Saved entries:
= Beginning of Section =

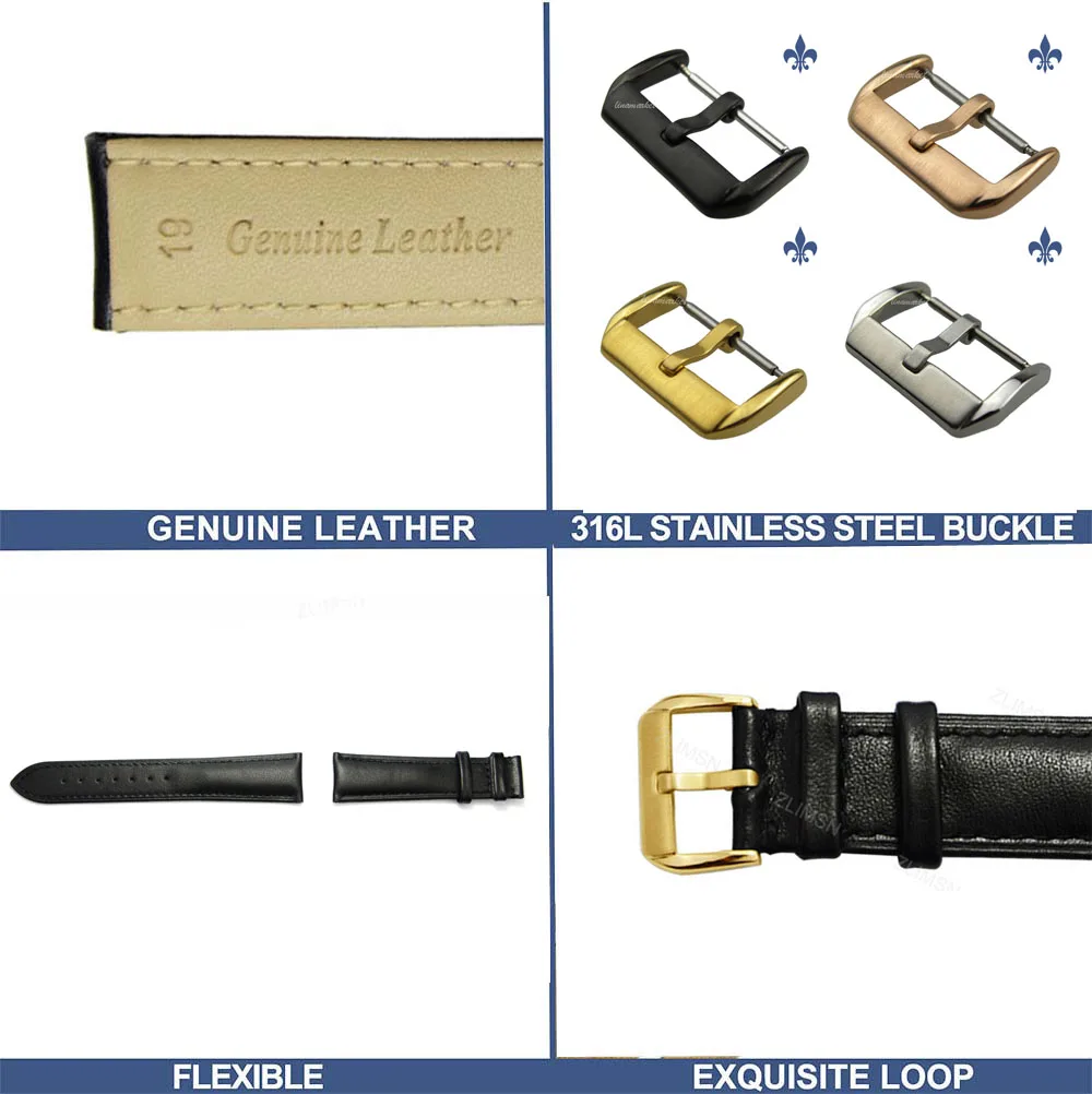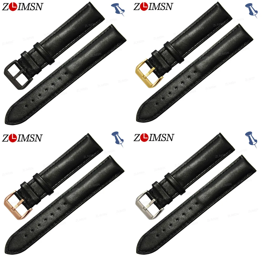 ZLIMSN 정품 가죽 시계 줄 블랙 스트랩 블랙 스티치 부드러운 시계 밴드 스트랩 18 19 20 21 22 24 미리메터 relogio feminino
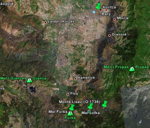 Da Google Earth, ho evidenziato la città* di Koritza, il Mal Lofka, il Mal Furka ed appunto il Mal Lisec (anche se quest'ultimo non è indicato dal programma.
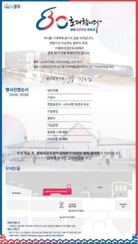 항일·민주정신과 촛불로 민주주의를 지켜온 광복 이후 광주의 80년을 기억하고, 인공지능(AI)과 미래차 등 첨단산업, 문화 역량으로 펼쳐갈 앞으로의 80년에 대한 희망을 담았다.
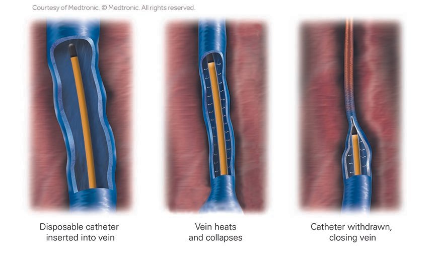 Endovenous Thermal Ablation – is a minimally invasive treatment that involves the insertion of a thin, flexible tube called a catheter into a diseased vein to seal it shut using heat. Over time the treated vein shrinks and is absorbed by the body. Compared with surgical options, endovenous ablation results in less pain and quicker recovery time.
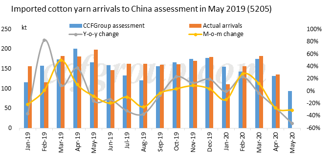 Las llegadas de hilo de algodón importado a China en mayo de 2020 se estiman en 94.000 millones, un 53,51% interanual y un 30,78% intermensual. Después del estallido de la pandemia de coronavirus, los comerciantes cancelaron los pedidos de hilo de algodón indio y paquistaní y redujeron los pedidos de hilo de algodón vietnamita, por lo que las llegadas de mayo disminuyen evidentemente.
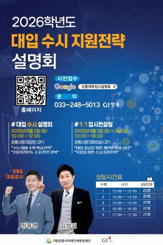 (재)강릉시미래인재육성재단(이사장 김상영)은 오는 8월 2일부터 3일까지 이틀간 시청 2층 대강당과 대회의실에서 2026학년도 대입설명회 및 1:1 맞춤형 진학 컨설팅을 개최한다.
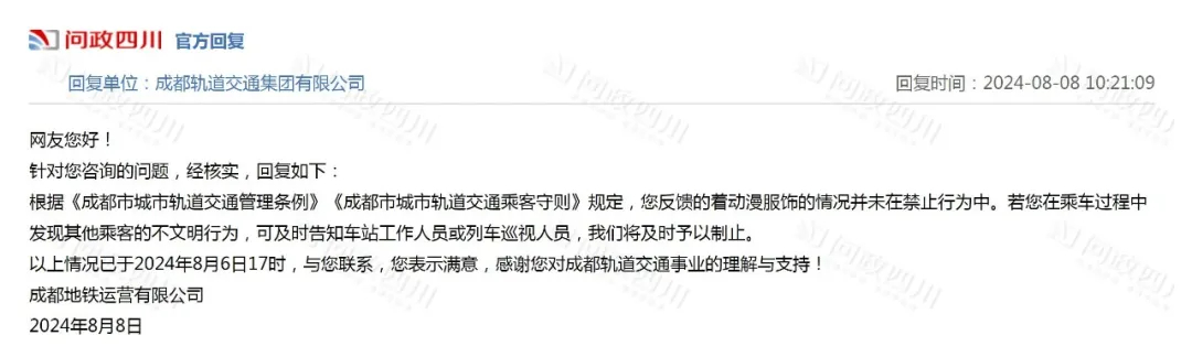 “网友您好!针对您咨询的问题,经核实,回复如下:根据《成都市城市轨道交通管理条例》《成都市城市轨道交通乘客守则》规定,您反馈的着动漫服饰的情况并未在禁止行为中。若您在乘车过程中发现其他乘客的不文明行为,可及时告知车站工作人员或列车巡视人员,我们将及时予以制止。以上情况已于2024年8月6日17时,与您联系,您表示满意,感谢您对成都轨道交通事业的理解与支持!”
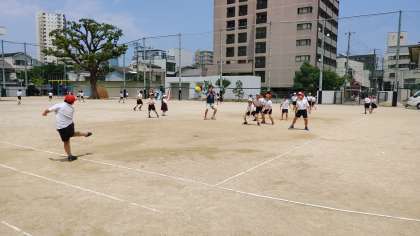 給食を食べた後は、担任の先生も一緒に元気にドッヂボールです。
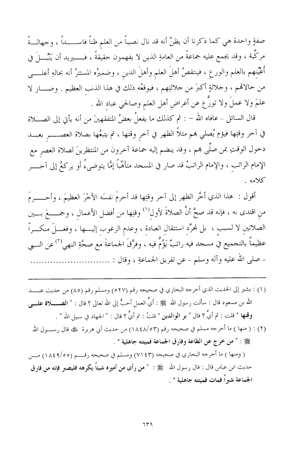 قال السائل- عافاه الله-: ثم كذلك ما يفعل بعض المتفقهين من أنه يأتي إلى الصلاة في آخر وقتها فيؤم يصلى هم مثلا الظهر في آخر وقتها، ثم يتبعها بصلاة العصر بعد دخول الوقت. ممن صفى هم، وقد ينضم إليه جماعة آخرون من المنتظرين لصلاة العصر مع الإمام الراتب، والإمام الراتب قد صار في المسجد متأهبا إما يتوضئ أو يركع إلى آخر كلامه.
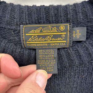 Vintage Eddie Bauer Christmas Poinsettia Made USA Mens L Black Red Wool Sweater
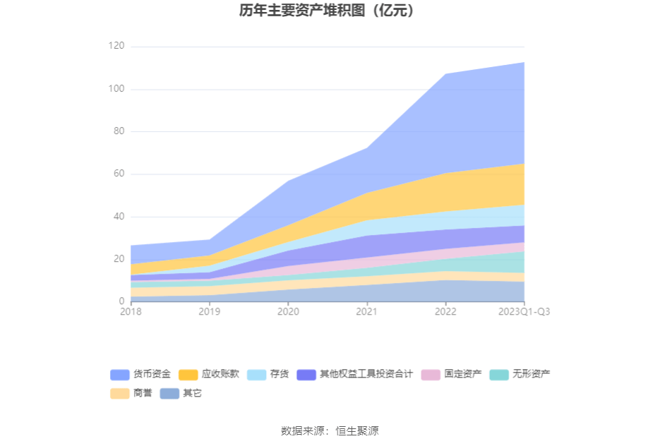 资产重大变化方面,截至2023年三季度末,公司无形资产较上年末增加73.84%,占公司总资产比重上升3.56个百分点;开发支出较上年末减少56.65%,占公司总资产比重下降1.72个百分点;其他权益工具投资合计较上年末减少12.69%,占公司总资产比重下降1.44个百分点;货币资金较上年末增加2.25%,占公司总资产比重下降1.20个百分点。
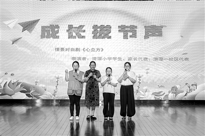 在常州市鐘樓區2025年心理健康活動月主題活動中,學生、家長和社工代表共同表演情景劇。盛佳妮 攝

= End of Section =

* Task prompt *
From the records above, write out exactly the lines that begin at the line with "항일·민주정신과 촛불로 민주주의를" and end at the line with "Endovenous Thermal Ablation". Pictures must not appear in the output.

* Solution *
 항일·민주정신과 촛불로 민주주의를 지켜온 광복 이후 광주의 80년을 기억하고, 인공지능(AI)과 미래차 등 첨단산업, 문화 역량으로 펼쳐갈 앞으로의 80년에 대한 희망을 담았다.
 Endovenous Thermal Ablation – is a minimally invasive treatment that involves the insertion of a thin, flexible tube called a catheter into a diseased vein to seal it shut using heat. Over time the treated vein shrinks and is absorbed by the body. Compared with surgical options, endovenous ablation results in less pain and quicker recovery time.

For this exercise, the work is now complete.